We use the terms RRAP and ARAP as in (Kou et al. 2015a). The ARAP focuses more on optimization issues (Yeşilçimen and Yıldırım 2019) (e.g., how many relevant manuscripts need to be assigned to each reviewer to achieve global optimization?). This paper focuses on RRAP, which can be divided into three categories of related methods: based on semantic information, based on word information, and based on other information. The semantic information corresponds to some relationship between words, typically described by the topic. Word information is used to define the relationship between the reviewer and the manuscript through statistical word frequency and other information. In addition to semantic information and word information, nontextual information can be used to calculate similarity, including classification information (Zhang et al. 2020a; Liu et al. 2016) pertaining to the paper and information provided by the reviewers (Rigaux 2004; Di Mauro et al. 2005). A rule-based (Di Mauro et al. 2005), collaborative filtering (Rigaux 2004) or network-based (Fair and accurate reviewer assignment in peer review 2019; Xu et al. 2019; Anaya et al. 2019) method is often used for this type of information. We focus on methods based on semantics, words, and a combination of these types of information.

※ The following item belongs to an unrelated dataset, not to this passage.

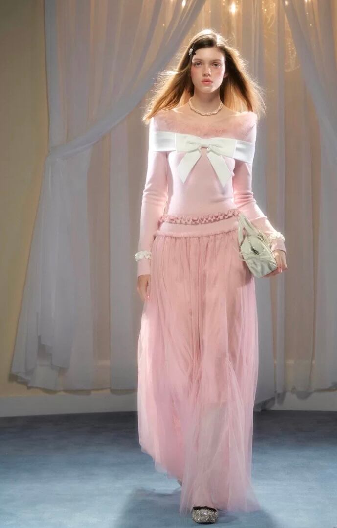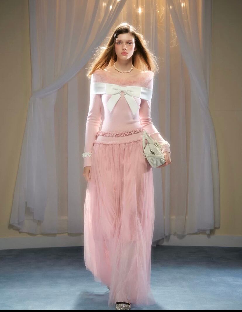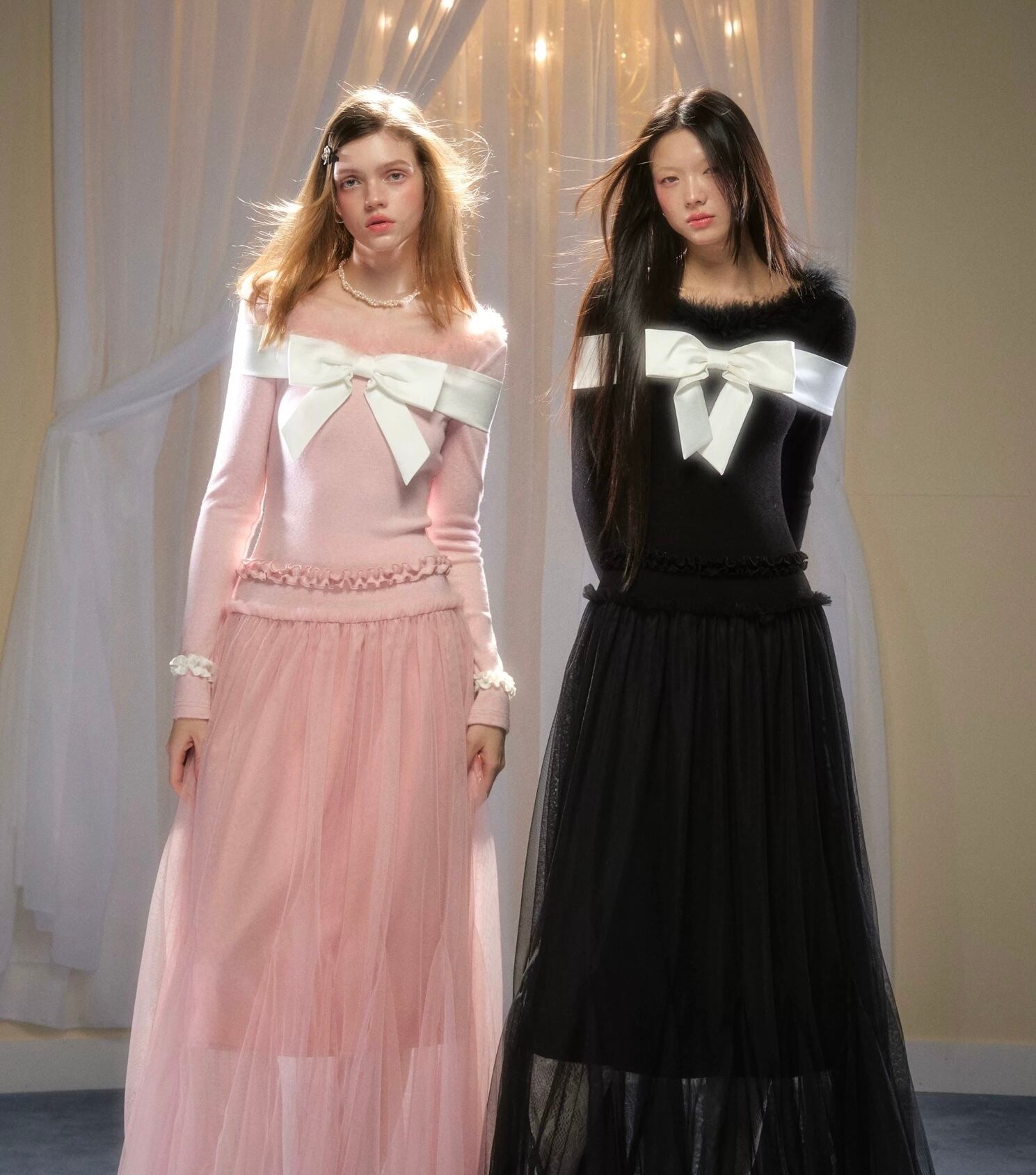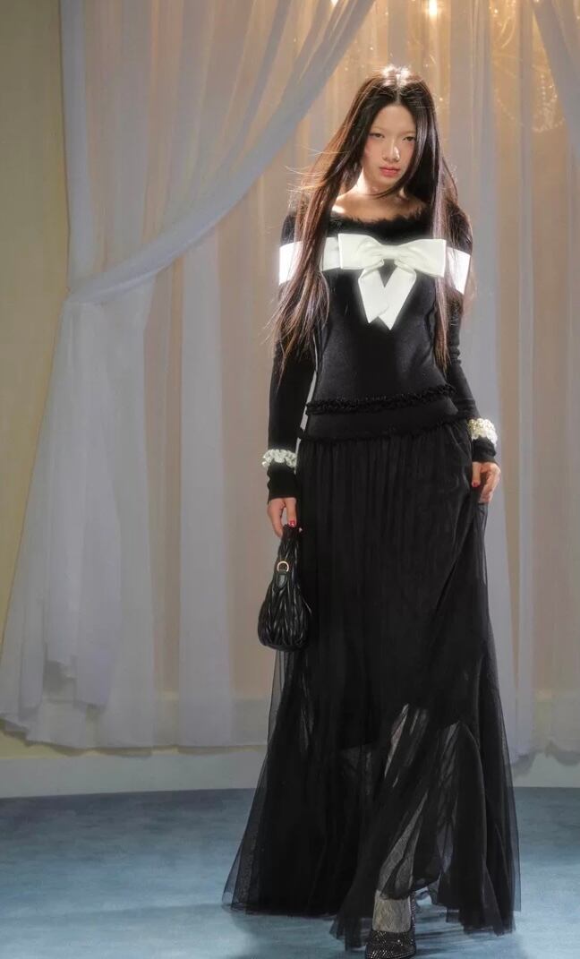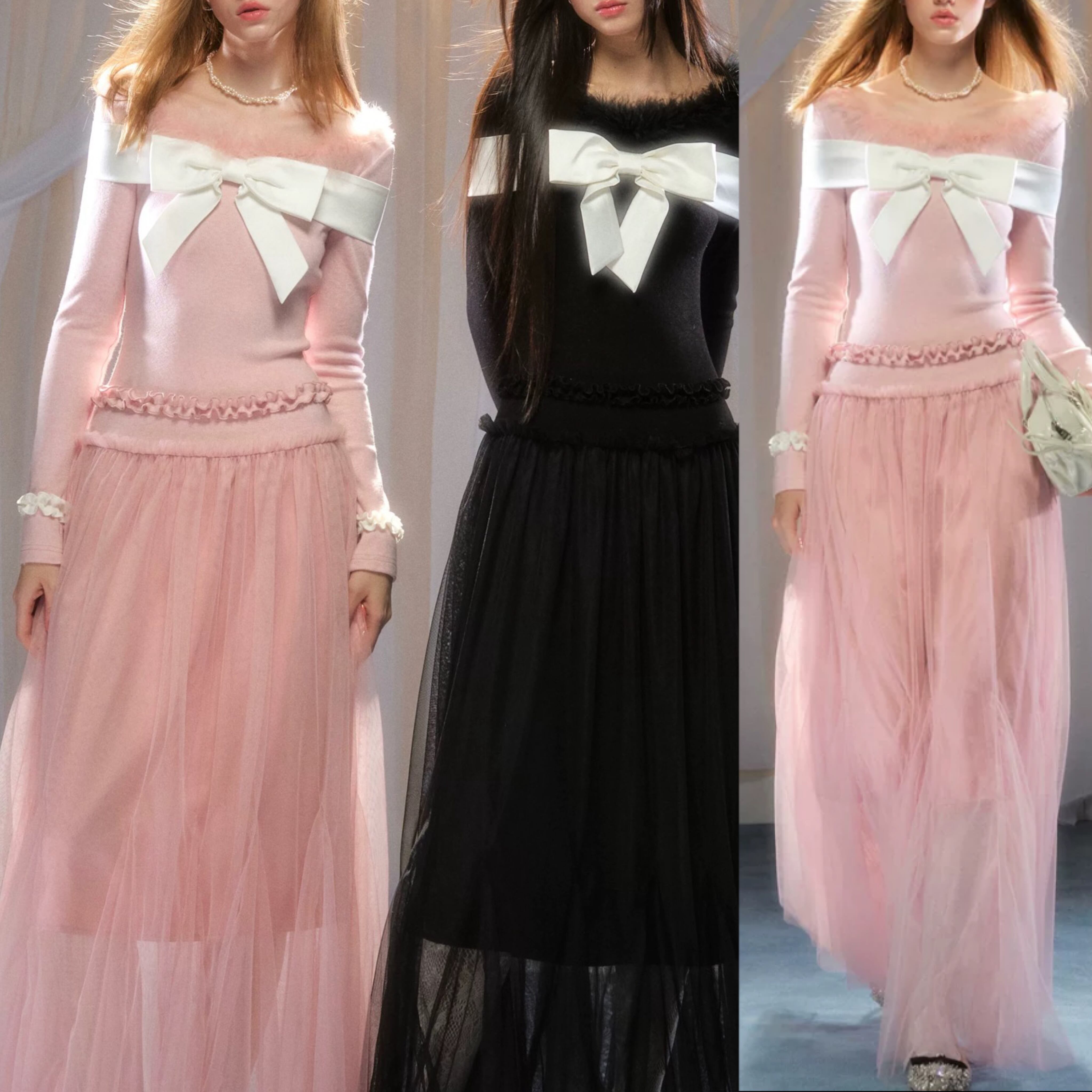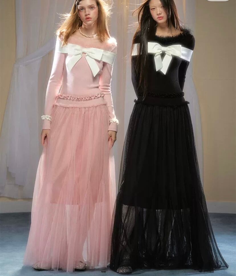 黒 ピンク ワンピース ガーリー 長袖 マキシ セーター リボン カーディガン

2.1 Semantic-based approach

Dumais and Nielsen (1992) transformed RRAP into a retrieval problem using latent semantic indexing (LSI) to extract semantic information and used cosine similarity to calculate the similarity between the reviewer and the manuscript. LSI is a common method for extracting topic information, and Ferilli et al. (2006) and Li and Hou (2016) also used this method. pLSA (Karimzadehgan and Zhai 2012, 2009) and LDA (including variants) (Charlin and Zemel 2013; Misale and Vanwari 2017; Kim and Lee 2018) are improved methods for extracting topic information. Karimzadehgan et al. (2008) first used the pLSA model to obtain the topic and calculate the similarity between the reviewer and manuscript. Mimno and McCallum (2007) first used the LDA model to extract semantic information and proposed the APT model to improve LDA with respect to describing textual information from reviewers and manuscripts. Li and Watanabe (2013) combined the APT model with a time factor to measure the degree of expertise of reviewers. Based on this, Peng et al. (2017) employed TF-IDF to consider word information. Kou et al. (2015a) used the topic weighted coverage calculation based on the topic feature of LDA and proposed the branch-and-bound algorithm (BBA) to find reviewers in the fastest time. In addition to the topic model, Ogunleye et al. (2017) used word2vec to calculate similarity. Zhao et al. (2018) transformed the RRAP into a classification problem and used the word mover’s distance (WMD) method to calculate similarity and then used the constructive covering algorithm (CCA) to simultaneously classify reviewers and manuscripts. In (Zhang et al. 2020b), RRAP was also cast as a multilabel classification task in which the reviewers were assigned according to multiple predicted labels.

2.2 Word-based approach

The most commonly used word-based methods are keyword matching (Sidiropoulos and Tsakonas 2015; Protasiewicz et al. 2016; Shon et al. 2017; Dung et al. 2017), TF-IDF (Hettich and Pazzani 2006; Flach et al. 2010; Peng et al. 2017), and the language model (LM) (Mimno and McCallum 2007; Tang et al. 2010; Charlin et al. 2012). Tang and Zhang (2008) calculated the similarity between reviewers and manuscripts by constructing a keyword network and using cosine similarity for keyword matching. Protasiewicz (2014) added publication time information to calculate keyword weights. Dung et al. (2017) improved the keyword matching results by improving the Knuth-Morris-Pratt (KMP) algorithm. Yarowsky and Florian (1999) first used TF-IDF and cosine similarity to calculate the similarity between the reviewer and manuscript. Basu et al. (2001) used a TF-IDF-based information integration system (WHIRL) combined with collaborative filtering. They obtained the recommendation source matrix using the scores retrieved by WHIRL. Biswas and Humayun (2007) mapped keywords to topics based on TF-IDF, which combines ontology-driven inferences. Protasiewicz et al. (2016) directly retrieved relevant reviewers using a full-text index based on TF-IDF. Charlin and Zemel (2013) used LM as the similarity calculation method for the Toronto paper matching system.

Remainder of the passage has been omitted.